Question

In the following figure, ∆ABC has sides AB = 7.5 cm, AC = 6.5 cm and BC = 7 cm. On base BC a parallelogram DBCE of same area as that of ∆ABC is constructed. Find the height DF of the parallelogram.

Answer 1

Now, first determine the area of ∆ABC.

The sides of a triangle are AB = a = 7.5 cm, BC = b = 7 cm and CA = c = 6.5 cm

Now, semi-perimeter of a triangle,

`s = (a + b + c)/2`

= `(7.5 + 7 + 6.5)/2`

= `21/2`

= 10.5 cm

∴ Area of ΔABC = `sqrt(s(s - a)(s - b)(s - c))`   ...[By Heron’s formula]
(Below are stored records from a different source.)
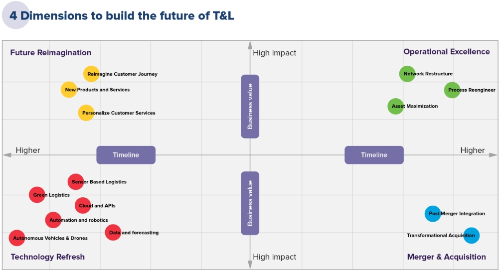 In the last three years, the world has endured unprecedented changes that wreaked havoc on global supply chains. In response, the T&L industry will need to transform. Companies must institute a different strategy to build the future of transportation and logistics. By covering four key imperatives – future reimagination, operational excellence, technology refresh and merger and acquisition, T&L companies can acquire new markets and add new capabilities to create value, transform and future-proof their businesses.
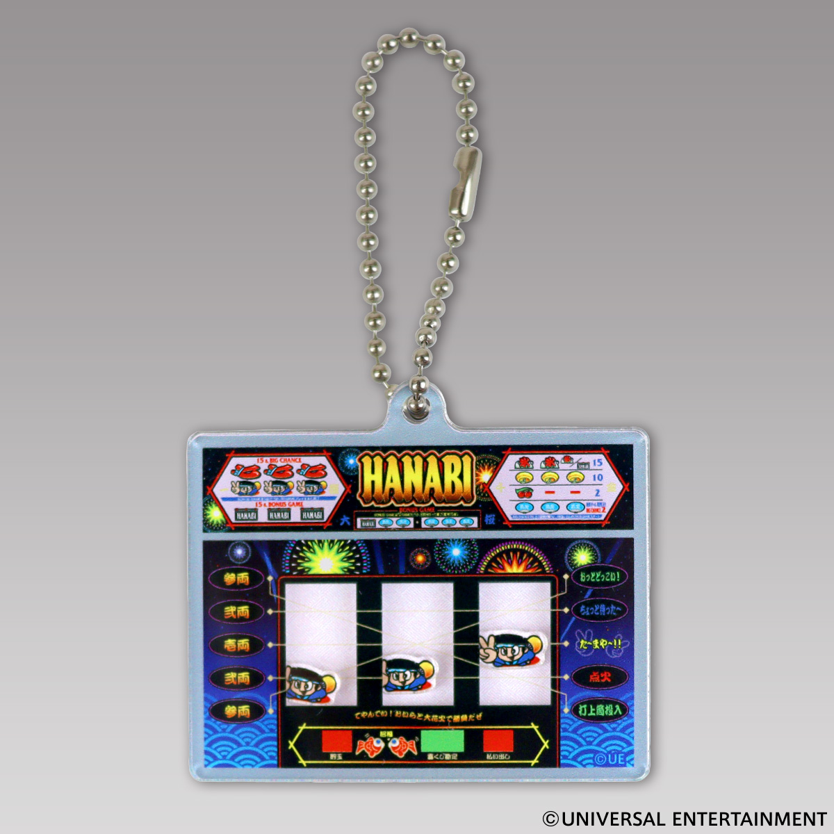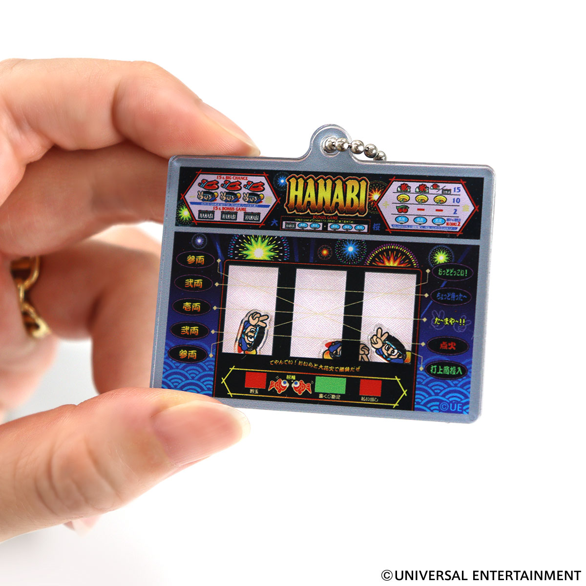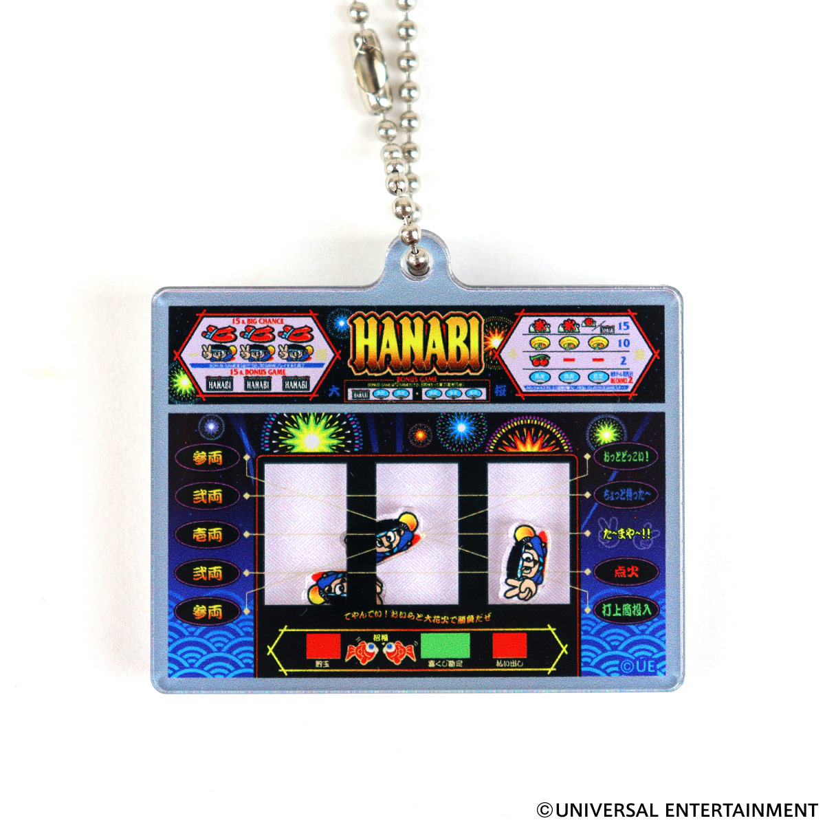 アクリルで作ったハナビ筐体の中でドンちゃん図柄が動き回る、なんとも楽しいキーホルダー。
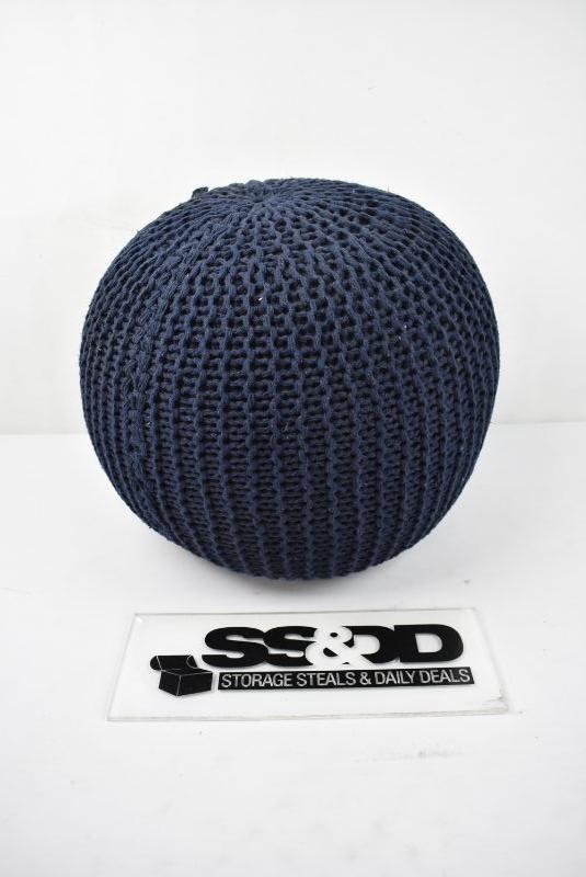 Urban Shop Round Knit Pouf, Navy. Warehouse Dirt
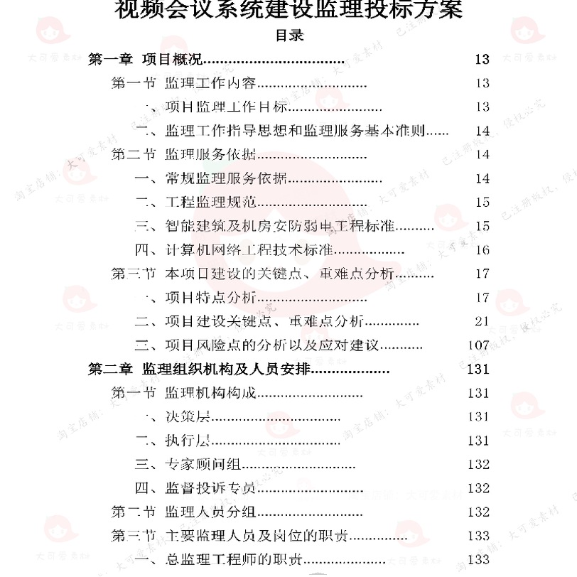 视频会议系统建设监理投标方案 视频会议系可编辑投标word方案统 - 大可爱素材
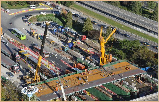 北京三元桥位于高速路和城市快速路交汇处,日均车流量20.6万辆,有48条公交线路从桥上通过,日均搭乘乘客72.7万人次。桥梁长55米,宽48米,如采取传统工艺更换劣化的主梁,主路需断行90天,造成极大的社会和经济损失。项目采用千吨级驮运架一体机、激光循迹、卫星导航等技术,用时43小时完成桥梁整体置换,为特大城市重要交通节点桥梁改造提供了新方案,解决了城市桥梁更新对社会、交通影响的关键技术难题,对同类工程具有指导意义和示范作用。 项目研制了国际首台千吨级桥梁快速整体置换用驮运架一体机,对旧桥拆除、新梁运输、高精度安装就位、施工监控等关键技术进行了系统研究,研发了基于激光循迹和卫星导航的精确就位控制系统,在43小时内采用双台驮运架一体机对三跨连续梁进行了整体置换。与传统工艺相比,项目减少了97.8%占路时间。施工期间利用立交匝道以环岛方式保证了公共交通的畅通,最大限度地降低了对交通和环境的影响,充分体现了高效节能、绿色环保、以人为本的工程理念。
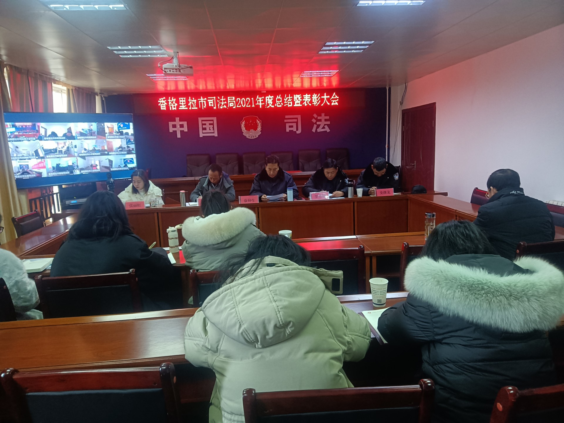 2022年1月25日上午,香格里拉市司法局召开2021年全市司法行政工作总结暨表彰大会,认真盘点全市2021年司法行政工作,分析查找工作短板弱项,总结全年成绩和经验做法,提前谋划2022年工作思路。香格里拉市司法局党组书记、局长康仲生进行工作安排,副局长和建东主持会议。全市十一个基层司法所以视频形式参会。
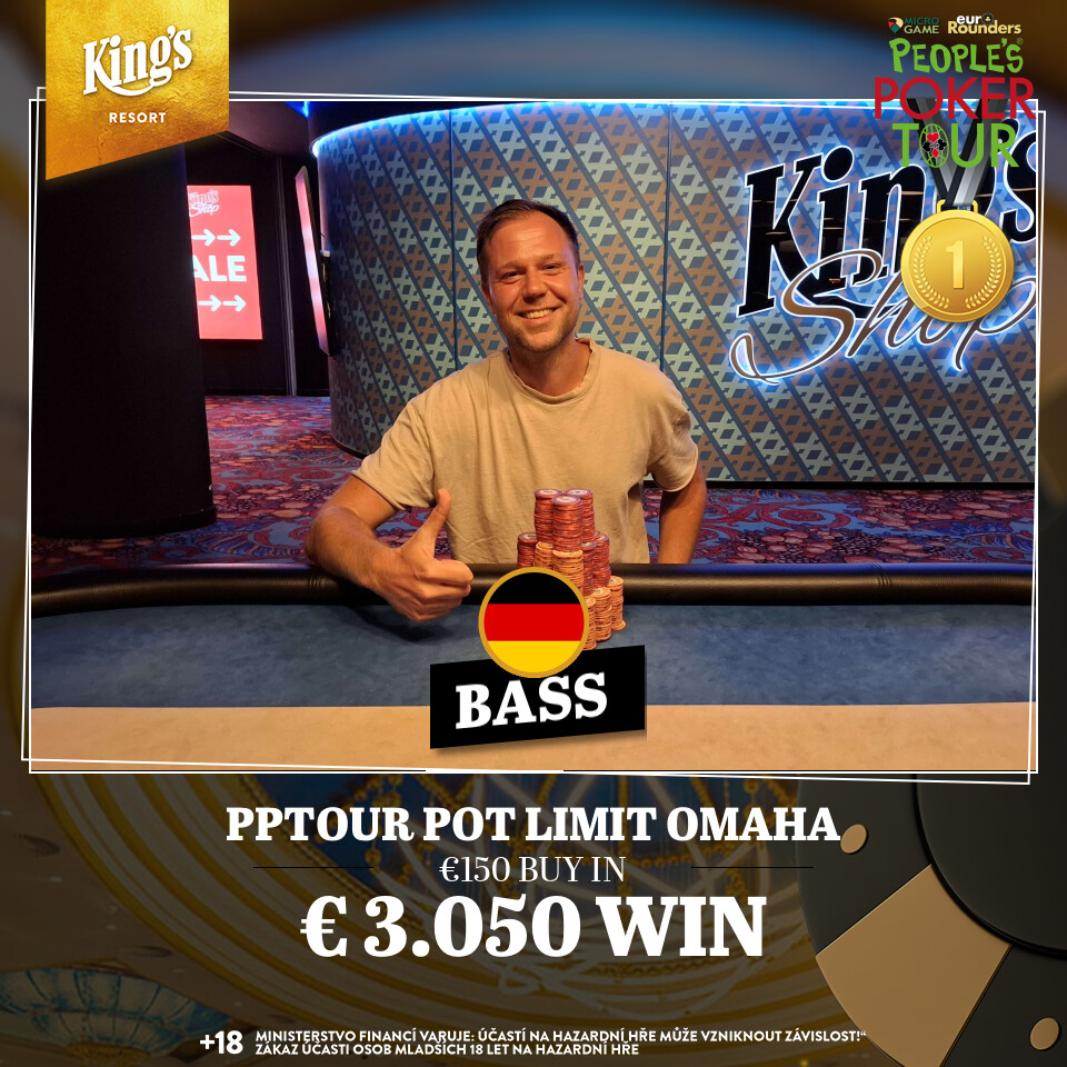Im Kampf um den Sieg ließ der deutsche Spieler „BASS“ seine internationale Konkurrenz auf den Podiumsplätzen zurück: Roman Chocalo aus Tschechien wurde für €1.419 Dritter, und als Runner-Up finishte Angelo Damia aus Italien für €2.168. Richtig aufgedreht hatte „BASS“ im PPTour PLO, wo ihm der Sieg samt €3.050 Prämie nicht zu nehmen waren!
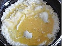 .转中火转动锅子,让蛋液均匀流到锅的四周;
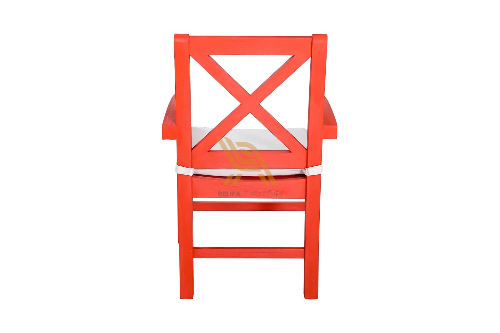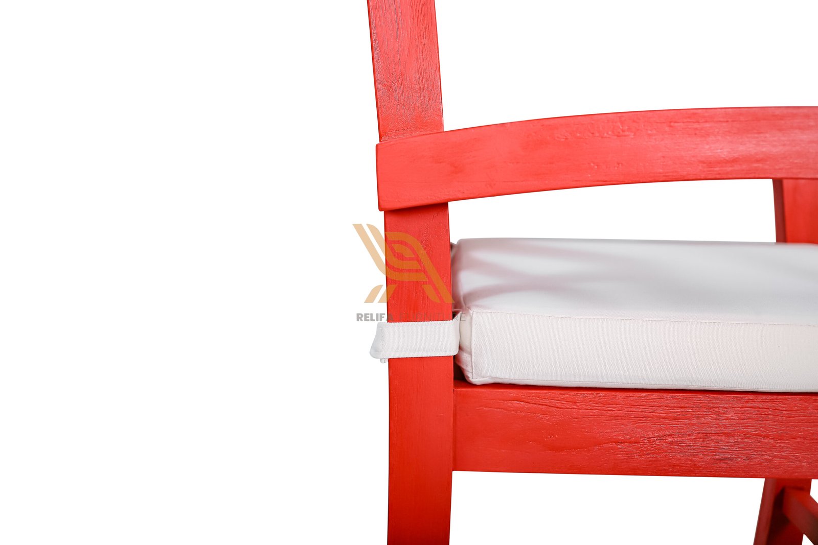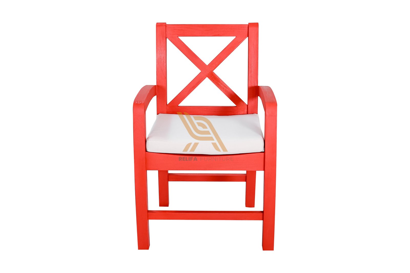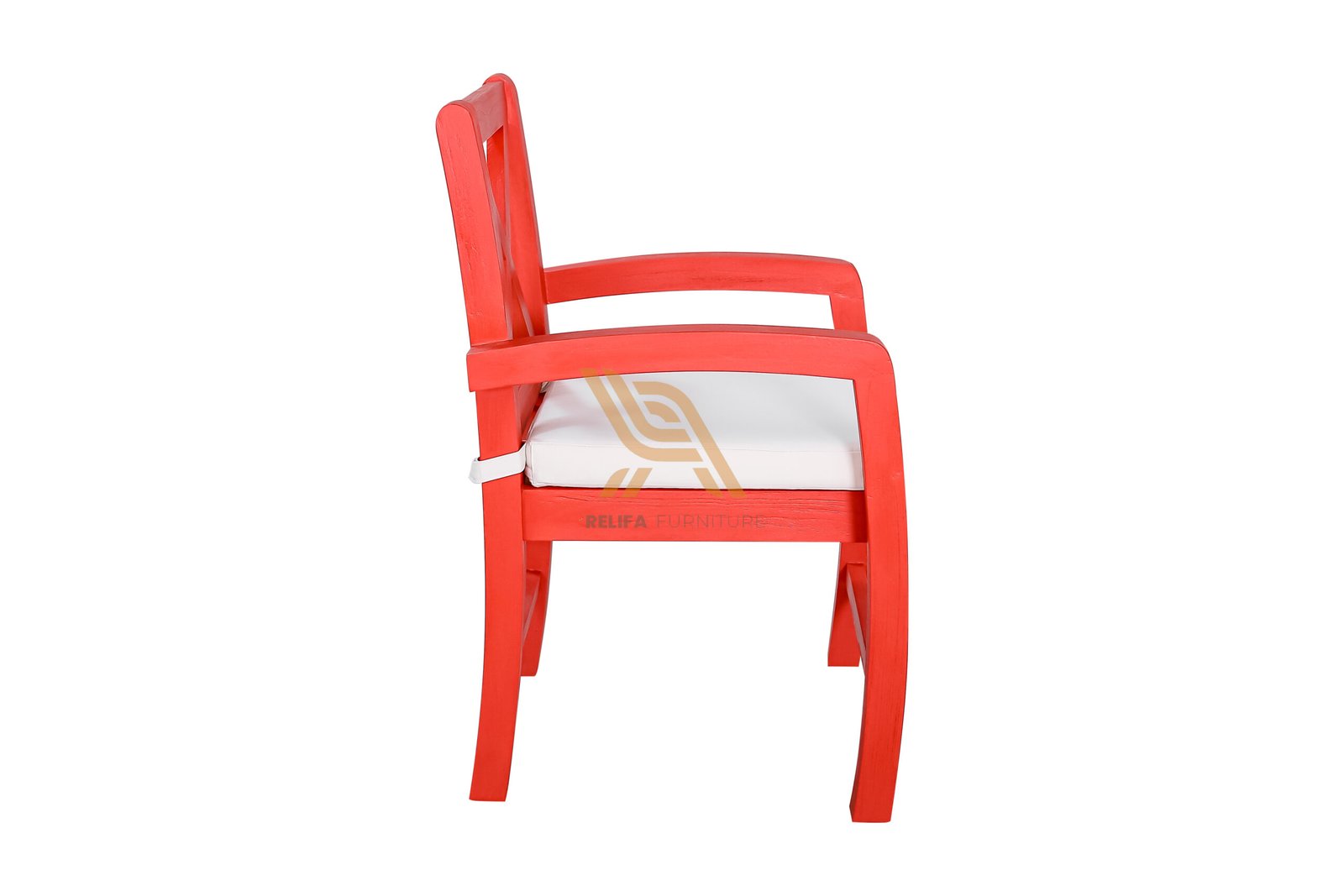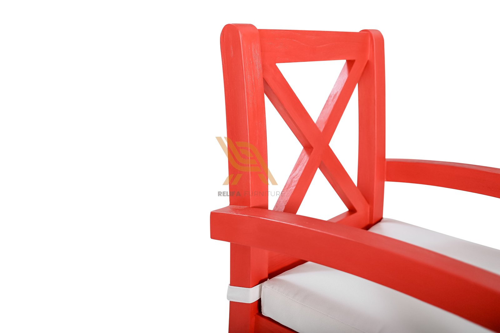 This Patio Dining Chair with Arms & Brown Leather Pad – Red Finish adds a bold, stylish touch to any outdoor setting. Featuring a solid wooden frame with a smooth red finish, the chair stands out with its vibrant character while maintaining a natural, warm aesthetic.
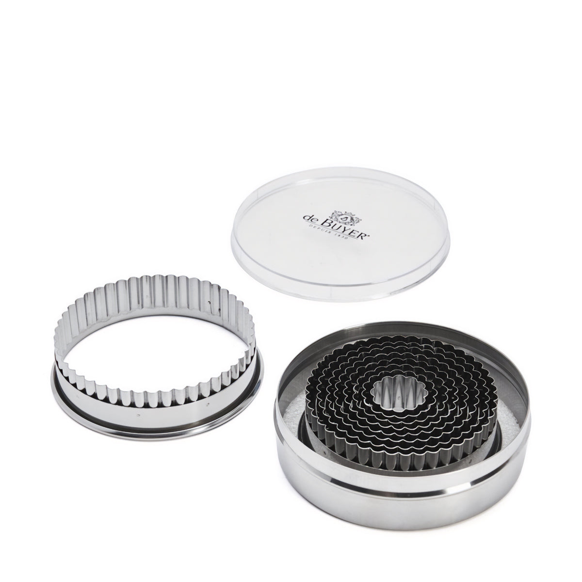 Revamp your baking arsenal with our Box of 9 Fluted Round Cutters, meticulously fashioned from robust Stainless Steel. Each cutter showcases a charming fluted round design, providing versatility and precision across various sizes. Ideal for crafting intricately detailed pastries, cookies, and more, these cutters serve as catalysts for creativity in every bake. Upgrade your baking experience and unleash your artistic flair with these precision tools.
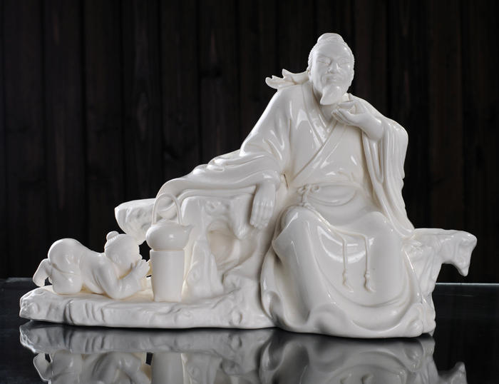 作品简介:《欢天喜地》以德化特有的温润如玉的“中国白”为胎质,纯手工制作,所塑人物神态逼真,风格洗练,弥勒坦胸露腹,胸饰项链,笑容可掬,好一幅欢天喜地的画面。作品具有很高的欣赏价值。
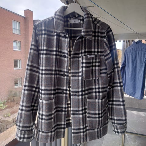 Moods of Norway jakke for herre i størrelse M. Jakken er grå og laget i ull og polyestermateriale med glatt fôr på innsiden. Den har hette, glidelåslukking foran og flere lommer både utvendig og innvendig. Passer som ytterjakke i kjøligere vær og til hverdagsbruk.
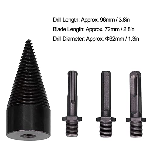 Set di Punte da Trapano per Legna da Ardere da 32 Mm, 1 Punta per Trapano per Legno Elettrico con 3 Gambo Rotondo, Quadrato, Esagonale, Set di Punte per Trapano Divisore per Legna da Ardere
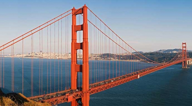 ゴールデンゲートブリッジは、サンフランシスコ湾と太平洋を結ぶ幅1マイルの海峡に架かる橋で、全長2737mあり、橋の中央の高さは67mの非常に大きな吊り橋です。この橋はサンフランシスコ半島の北端にあるサンフランシスコと、その対岸のマリン群を繋いでいます。1937年に開通したこの橋は、1964年まで吊り橋としては世界最長を誇っていました。
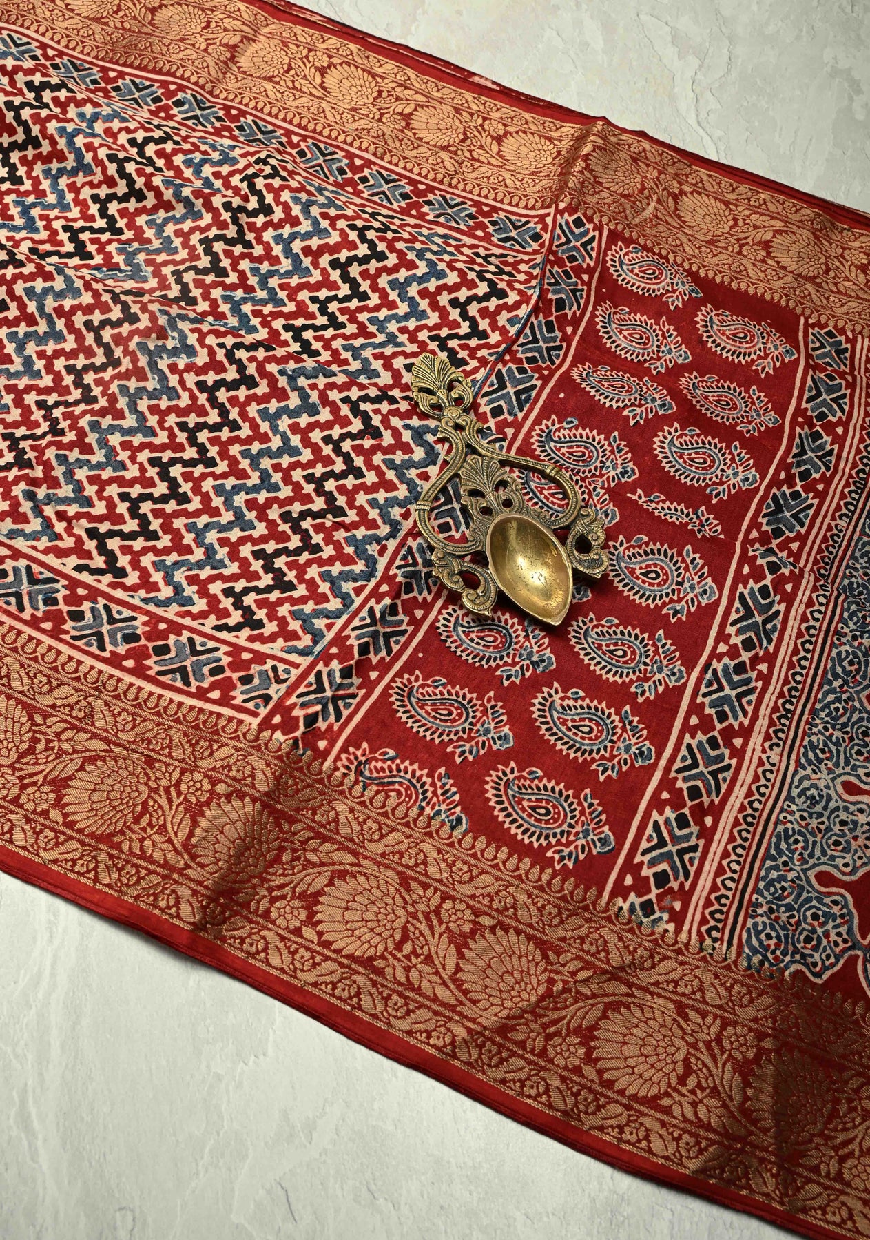 *Note: This is a handmade saree and there may be slight inconsistencies such as in it's weaving and print. These are characteristic of handmade products and attest to their originality and are not considered as defects.
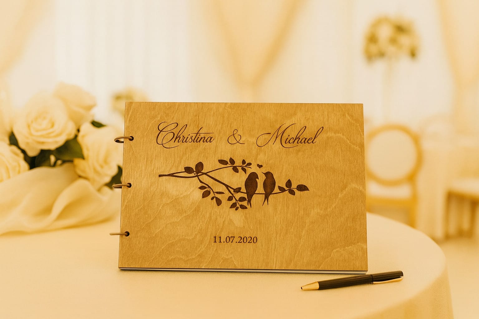 Vores gæstebog i træ er en præcisionslaserskåret gæstebog i udskåret træ. Hvert eksemplar er et unikt stykke håndværk, der er dansk designet og produceret med omhyggelig opmærksomhed på detaljer. Lavet i træ, akryl eller PU læder, vores gæstebog er en smuk og personlig erindring om jeres specielle dag.

= `sqrt(10.5(10.5 - 7.5)(10.5 - 7)(10.5 - 6.5))`

= `sqrt(10.5 xx 3 xx 3.5 xx 4)`

= `sqrt(441)`

= 21 cm²   ...(i)

Now, area of parallelogram BCED = Base × Height

= BC × DF

= 7 × DF  ...(ii)

According to the question,

Area of ∆ABC = Area of parallelogram BCED

⇒ 21 = 7 × DF  ...[From equations (i) and (ii)]

⇒ DF = `21/4` = 3 cm

Hence, the height of parallelogram is 3 cm.